# painting for rental -- what counts as neutral color



## amethyst (10 Nov 2013)

I've heard here and elsewhere that if you want to rent out an apartment you should always paint it a neutral color.

What counts as a neutral color?

In the US I heard yet more -- that it is best to paint the walls off-white. I lean towards that idea myself.

 Any thoughts on that?


----------



## shesells (10 Nov 2013)

Magnolia is a pretty universal colour for rentals and new builds alike.


----------



## Eithneangela (10 Nov 2013)

+1. Magnolia everywhere.


----------



## putsch (11 Nov 2013)

Grey is the new magnolia


----------



## RainyDay (11 Nov 2013)

putsch said:


> Grey is the new magnolia



Fifty shades of magnolia


----------



## kkelliher (11 Nov 2013)

magnolia is your only man, easy to touch up, cheap and available in large quantities, bright and matches most furniture items.


----------



## cremeegg (11 Nov 2013)

It has got to be magnolia. there is a very practical reason for this.

You can always get magnolia paint in a shop.

All the other off-whites shades come and go, ivory this month may be different from ivory next month, but magnolia is always magnolia.


----------



## mathepac (12 Nov 2013)

Buttermilk (Dulux) is THE new magnolia.


----------



## delgirl (12 Nov 2013)

Any light coloured paint can be classed as neutral - just make sure you use a washable paint and not matt.


----------



## cremeegg (13 Nov 2013)

delgirl said:


> Any light coloured paint can be classed as neutral - just make sure you use a washable paint and not matt.



Yes but if you want to buy the same colour again later, to touch up or paint an other room the same colour, it has to be magnolia. The paint makers change other shades from time to time.

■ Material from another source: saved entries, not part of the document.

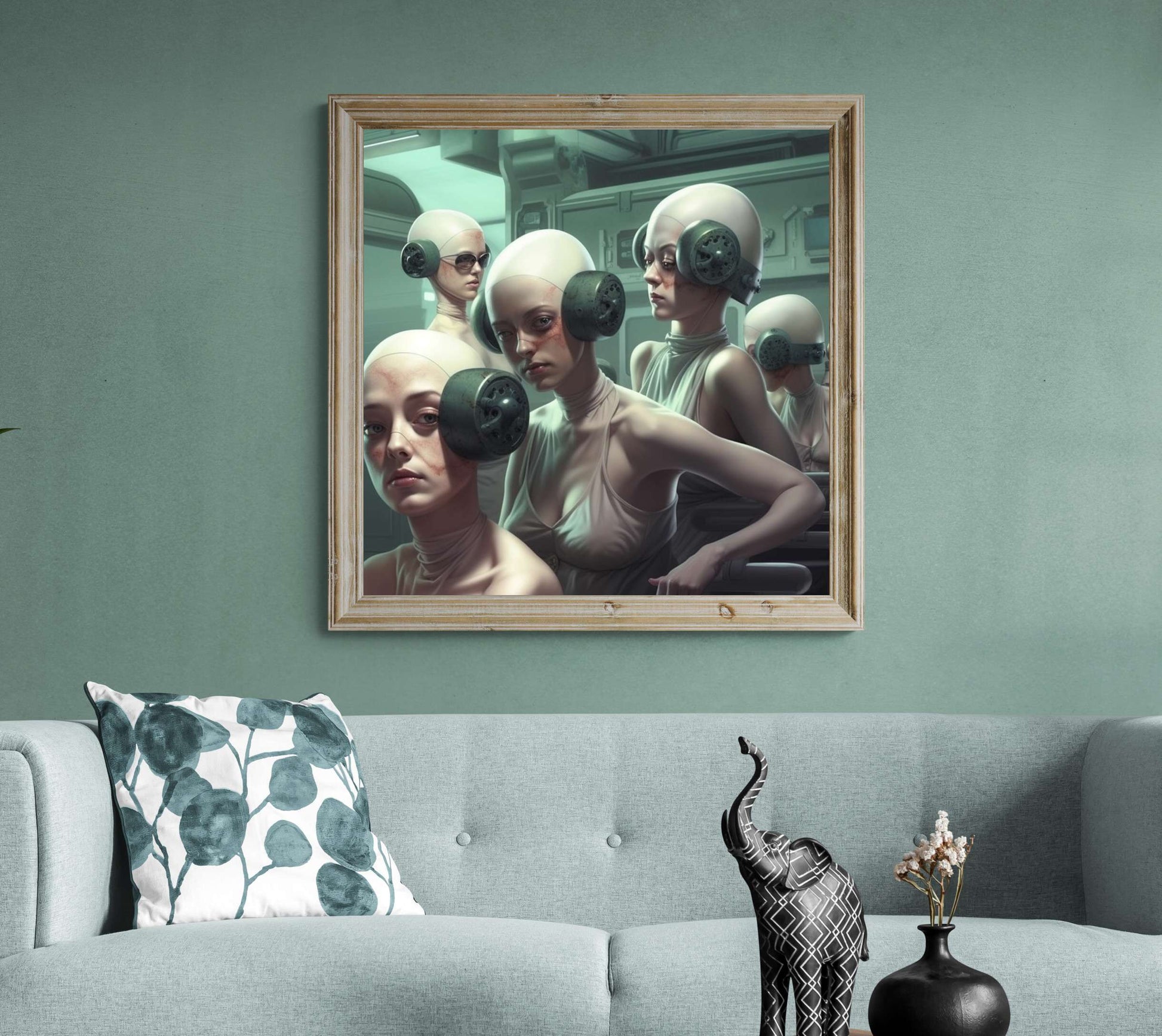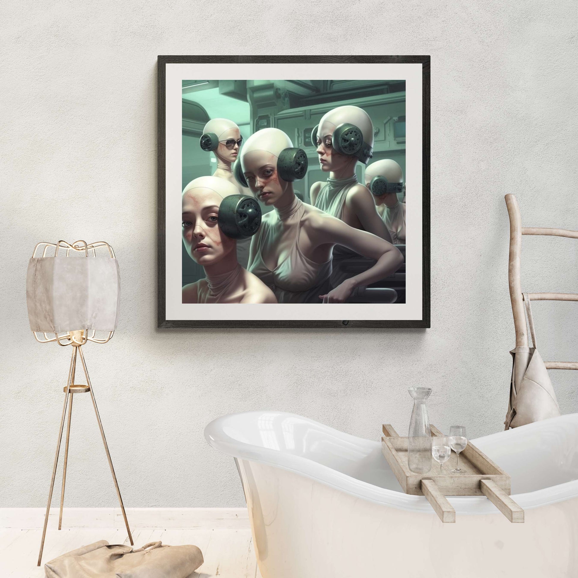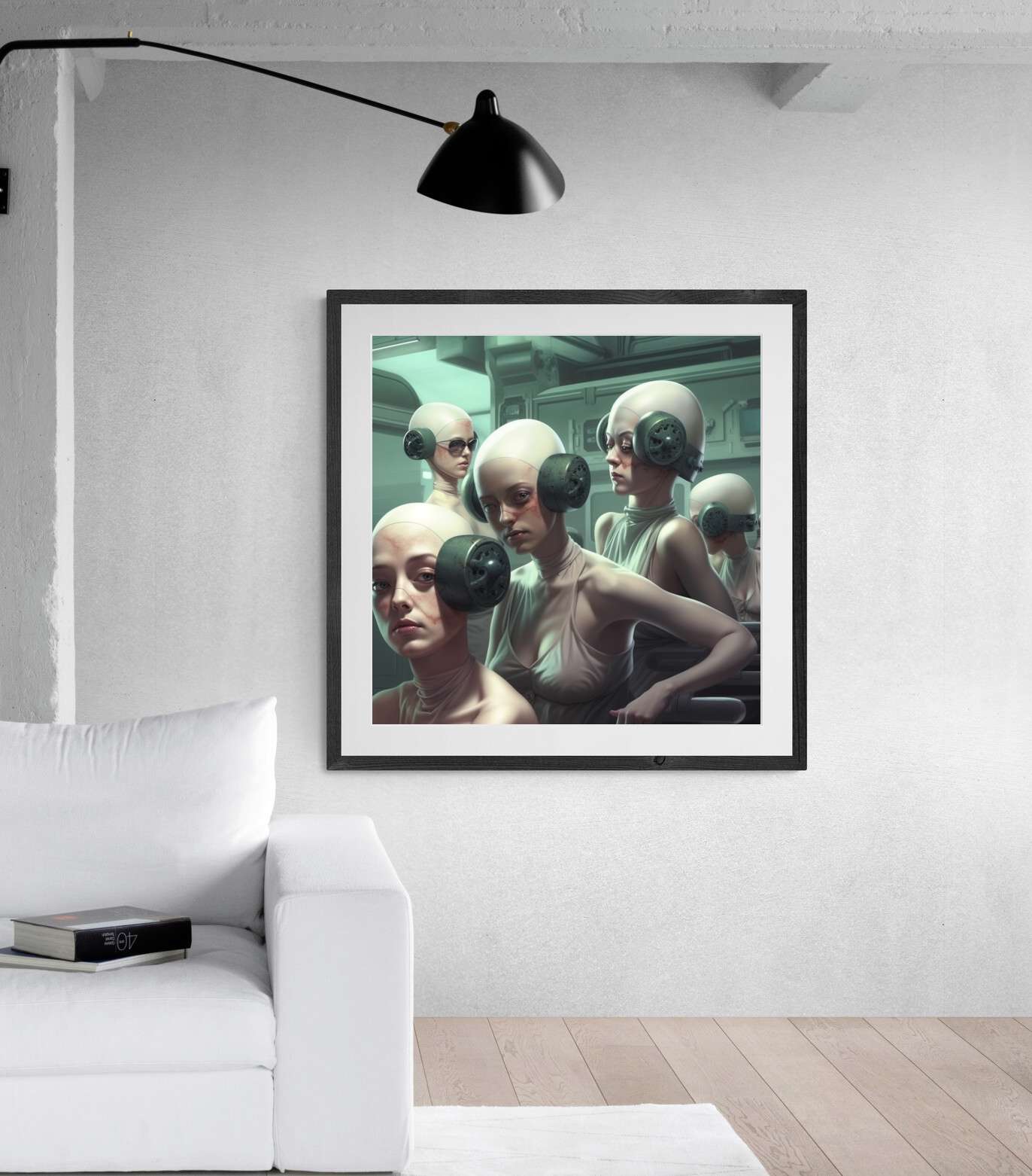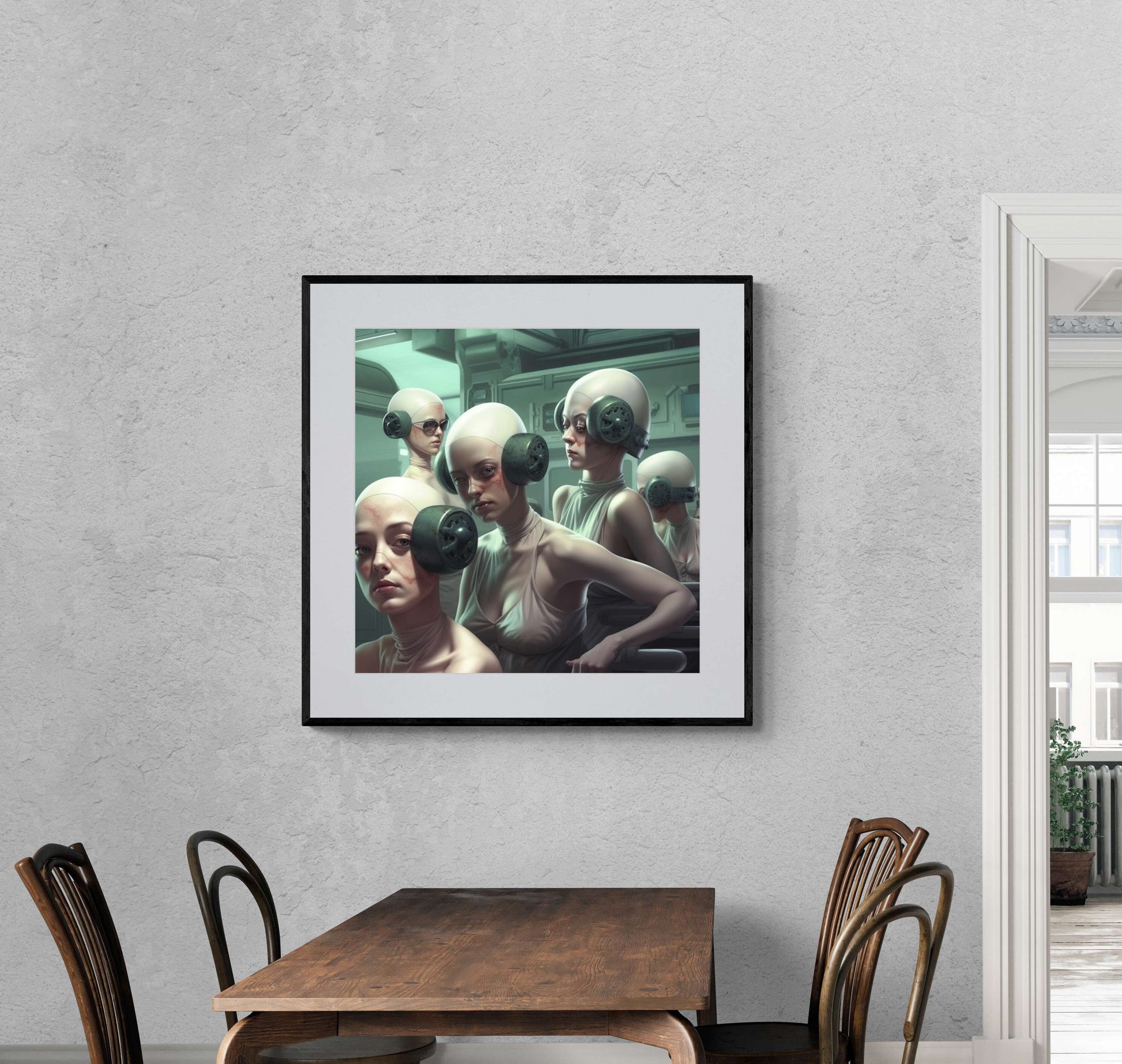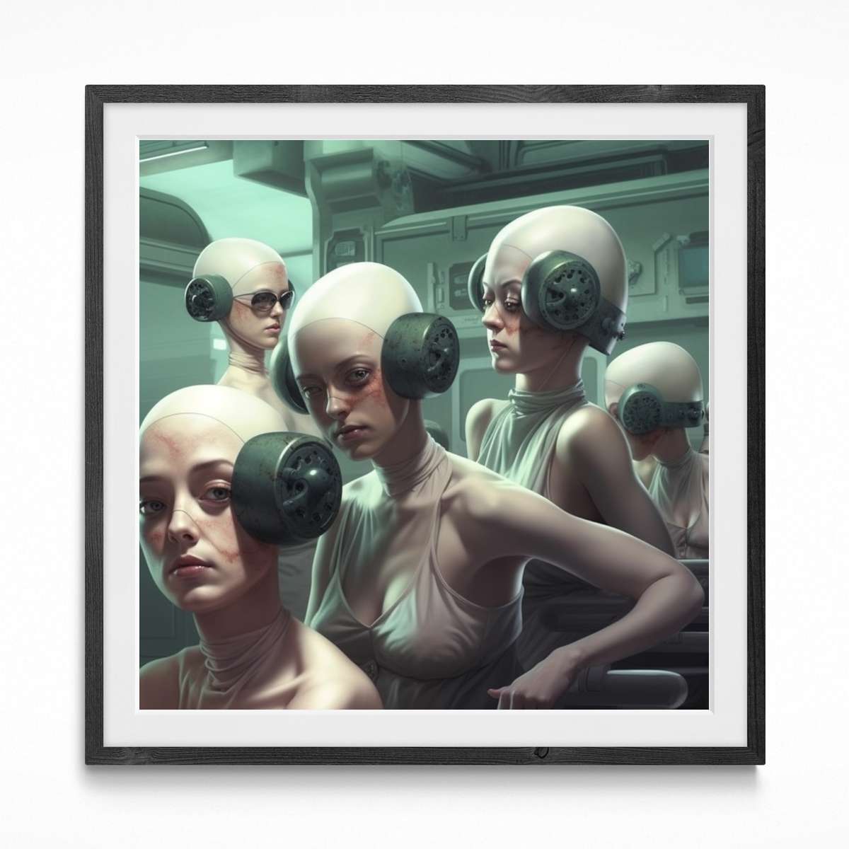 "Silent Rebellion" invites you into a haunting future where individuality is muted and conformity is enforced. The figures, wearing bulky, industrial headphones, seem trapped in a sterile, controlled environment, their faces marked with subtle signs of resistance. This surreal image speaks to the dehumanizing effects of societal pressures and the quiet strength required to hold on to one's identity in a world that seeks to suppress it.
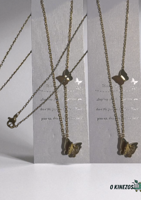 Κολιέ με μοναδικό σχέδιο πεταλούδας κατασκευασμένο από ανθεκτικό ανοξείδωτο ατσάλι σε χρυσό χρώμα που χαρίζει λαμπερή και κομψή εμφάνιση ιδανικό για καθημερινή χρήση αλλά και για ξεχωριστές εμφανίσεις συνδυάζεται εύκολα με άλλα κοσμήματα και δίνει μία διακριτική και ρομαντική πινελιά σε κάθε στυλ κατάλληλο για όσους αναζητούν ένα διαχρονικό κόσμημα με ανθεκτικότητα και κομψότητα
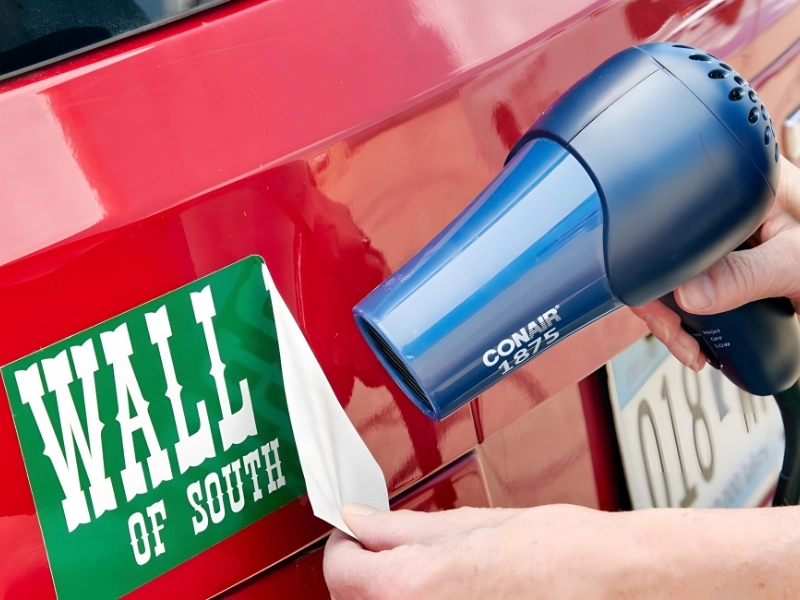 Pendant que vous chauffez l'autocollant, vérifiez périodiquement si les bords commencent à se décoller. Vous pouvez le tester délicatement avec votre ongle ou un grattoir en plastique. Évitez les outils métalliques qui pourraient rayer la peinture. Une fois que les bords se soulèvent, continuez à appliquer de la chaleur tout en décollant doucement l'autocollant à partir d'un coin. S'il résiste, appliquez plus de chaleur et réessayez. L'essentiel est de garder l'adhésif chaud et malléable pour faciliter le retrait.

Magnolia is always Magnolia


----------



## amethyst (13 Nov 2013)

Thanks folks.

Loud and clear. What I'm hearing is four syllables: MAG-NOL-I-A.


----------



## delgirl (14 Nov 2013)

cremeegg said:


> Yes but if you want to buy the same colour again later, to touch up or paint an other room the same colour, it has to be magnolia. The paint makers change other shades from time to time.
> 
> Magnolia is always Magnolia


Very valid point cremeeeg, I just hate magnolia!


----------



## Thrifty (14 Nov 2013)

Why not white?


----------



## newirishman (14 Nov 2013)

delgirl said:


> Very valid point cremeeeg, I just hate magnolia!



Haven't met anyone who didn't.


----------